Start of Material provided

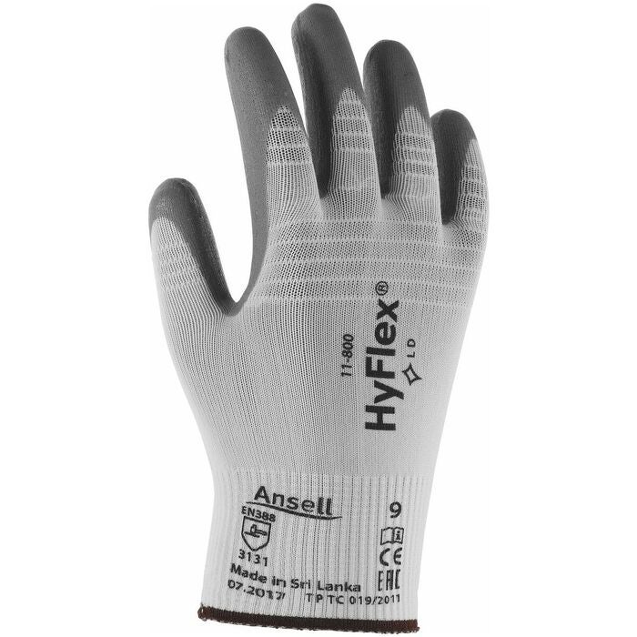 HyFlex®-serien. Mångsidig handske med nitrilskumbeläggning för precisionsarbeten och allmänna arbeten. Erbjuder en bra balans mellan komfort, rörlighet och handskydd. Med Ansell zonz® Comfort Fit Technology™ för minskade trötthetssymtom i händerna. Öko-Tex® Standard 100.
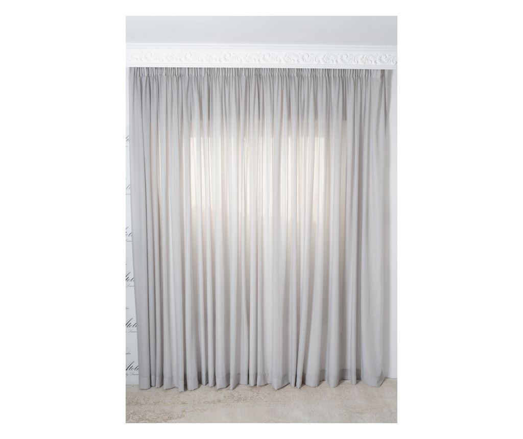 Perdea din voal de matase, gri, destinata bucatariilor, camerelor de zi sau teraselor.
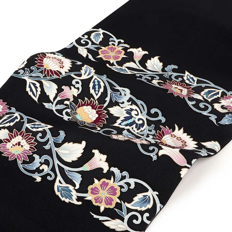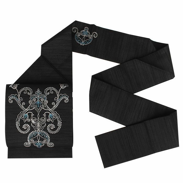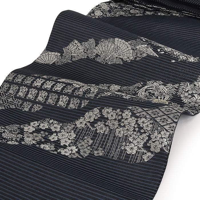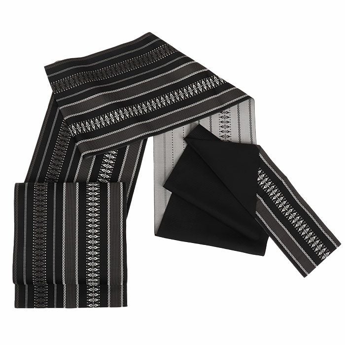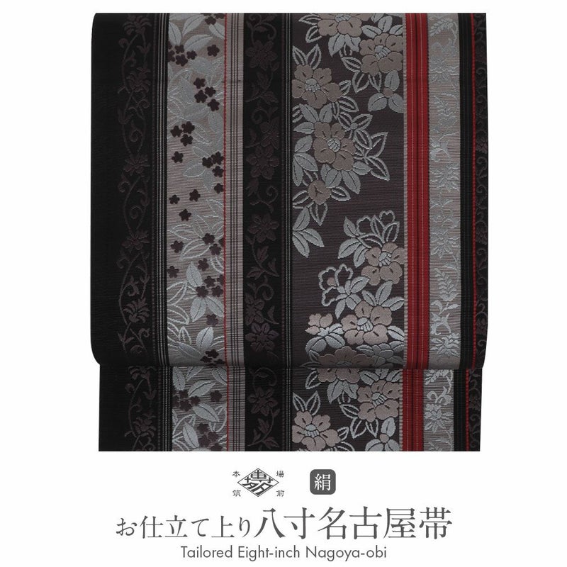 他の画像を見る 小紋 紬 色無地 御召 などのお着物に 名古屋帯 博多帯 博多織 帯 八寸 黒 蔓花 縞 協和織工場 正絹 仕立て上がり 当店特別価格 ¥ 49,500 税込 在庫切れ 再入荷お知らせ お気に入りに登録する

End of Material provided

-- Work request --
Would you repeat the listing word for word and skip every picture?

-- Final answer --
 HyFlex®-serien. Mångsidig handske med nitrilskumbeläggning för precisionsarbeten och allmänna arbeten. Erbjuder en bra balans mellan komfort, rörlighet och handskydd. Med Ansell zonz® Comfort Fit Technology™ för minskade trötthetssymtom i händerna. Öko-Tex® Standard 100.
 Perdea din voal de matase, gri, destinata bucatariilor, camerelor de zi sau teraselor.
 他の画像を見る 小紋 紬 色無地 御召 などのお着物に 名古屋帯 博多帯 博多織 帯 八寸 黒 蔓花 縞 協和織工場 正絹 仕立て上がり 当店特別価格 ¥ 49,500 税込 在庫切れ 再入荷お知らせ お気に入りに登録する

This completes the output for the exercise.